The second day stood out for its focus on the connections between climate, conflict and security, as well as environmental challenges such as water scarcity. Discussions on genuine youth participation—young people as active participants in shaping climate responses—, and the presence of young voices (the Armenian Child Leadership Team and Youth Advisory Group) throughout the conference, added a crucial dimension to these exchanges. For a researcher like Fenot working on children and climate injustice, this was one of the most significant aspects of the conference: a reminder that children must not only be protected, but heard and included in shaping responses.

 

 

On the third day, discussions shifted towards climate activism, governance, diplomacy and resilience.
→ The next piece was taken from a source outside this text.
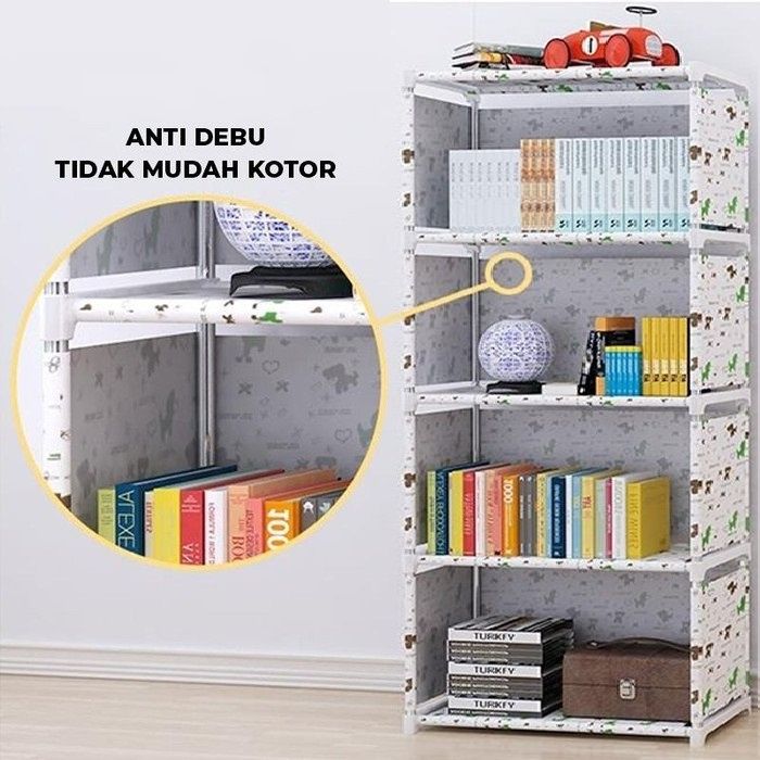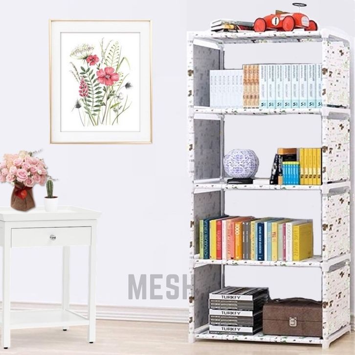 Rak Susun Serbaguna Rak Portable Serbaguna 5 Susun 4 Ruang Rak Buku Multifungsi Warna White BEAR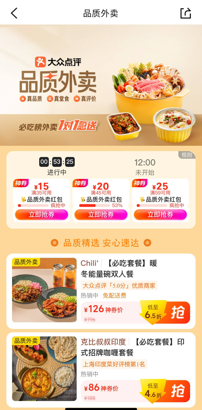 公开报道显示,此前,大众点评“品质外卖”已推出“高分堂食店工作餐”“周末外卖犒劳餐”等多个特别企划,满足消费者在不同场景下的品质外卖需求。

These sessions offered important insight into how policy, institutions and international cooperation can work together to respond to climate challenges. Across all three days, the conference made clear how closely environmental issues and human rights are now connected, and how this is shaping new legal and accountability frameworks.

 

For Fenot, one of the strongest takeaways was the insistence that climate justice cannot be approached in isolation. Across panels and discussions, environmental harm emerged not only as an ecological issue, but as one deeply entangled with inequality, displacement, governance and intergenerational responsibility. The conference reinforced the need to approach climate change through human rights frameworks capable of addressing both immediate harms and long-term structural injustice.